The October issue is currently at the printer. It includes a critical symposium on preparing for marriage in our contemporary society, covering aspects such as the role of the churches, courtship, and romance.
This is Touchstone. So, it is not your "normal" dating symposium. It all starts with senior editor S. M. Hutchens’s proposal that marriage be arranged by the parents. Then, there are responses by the young-and-married Jocelyn Mathewes, long-time InterVarsity campus worker (and Touchstone contributing editor) Kevin Offner, and senior editor James Hitchcock. We will also have a special response section in a future issue with letters from readers.
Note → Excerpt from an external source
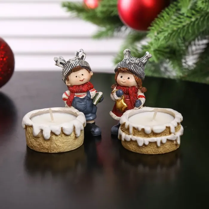 Сувенир полистоун подсвечник со свечой "Мальчик/Девочка в шапочке-зверька" МИКС 7,2х8х5,2 см
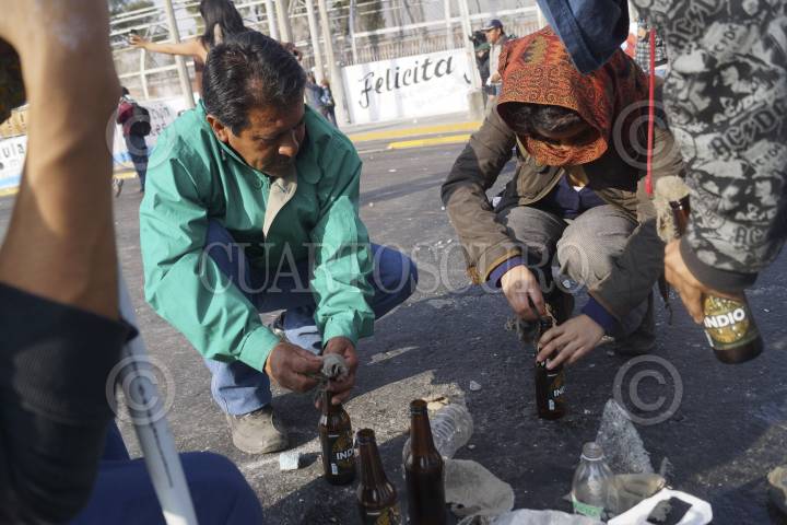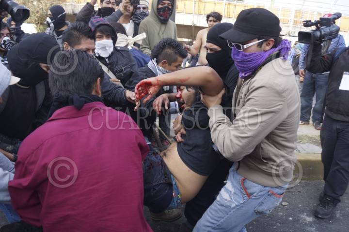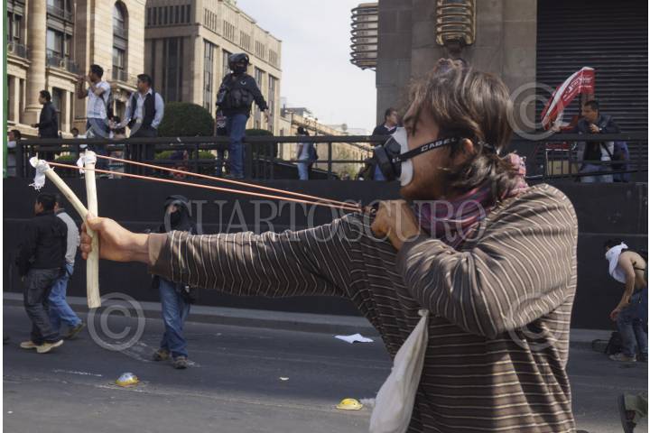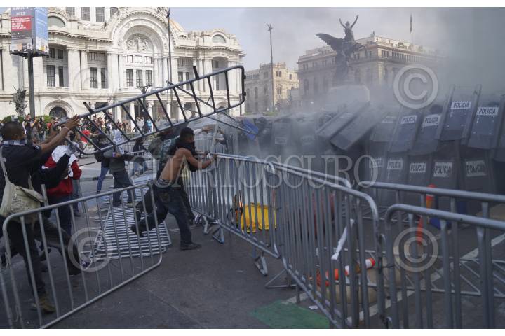 MÉXICO, D.F., 01DICIEMBRE2012.- Enfrentamiento entre protestantes en contra del presidente Enrique Peña Nieto, y la policía, que empezó a las afueras de la cámara de diputados, para luego pausar el combate y continuar sobre Eje Central a la altura del Palacio de Bellas Artes. Los manifestantes fueron replegados por avenida Juárez hasta ser dispersados sobre Paseo de la Reforma, destruyendo todo a su paso para defenderse de la policía. Un joven recibió un impacto con un arma por parte de la policía, el joven perdió un ojo. FOTO: PEDRO ANZA / CUARTOSCURO.COM

Here are some other things to look forward to in this issue:
Psychology: When trying to understand Jesus and “what makes him tick,” the customary psycho-biographical methods do not apply to the God-man.
Place: As Christians are we to identify with a specific nation or state, or be cosmopolitan citizens of the world? What are the effects of this identification?
Parsonages: A reflection on the value to the pastor and to the congregation when a pastor lives among and beside those to whom he ministers.
Journey of Faith: A profile of Washington Post social writer Sally Quinn and her journey from Christianity to atheism to her current place as a spiritual seeker.
Graduation: A commencement address to a homeschool group that reminds young people that rather than just “going places,” they should aim for where all time is headed: to eternity.
Humanities: “The development of the humanities in Western culture cannot be fully understood apart from an appreciation of scriptural husbandry and a kind of ecclesiastical mothering which, together, have birthed and nurtured western intellectual life down to the present.”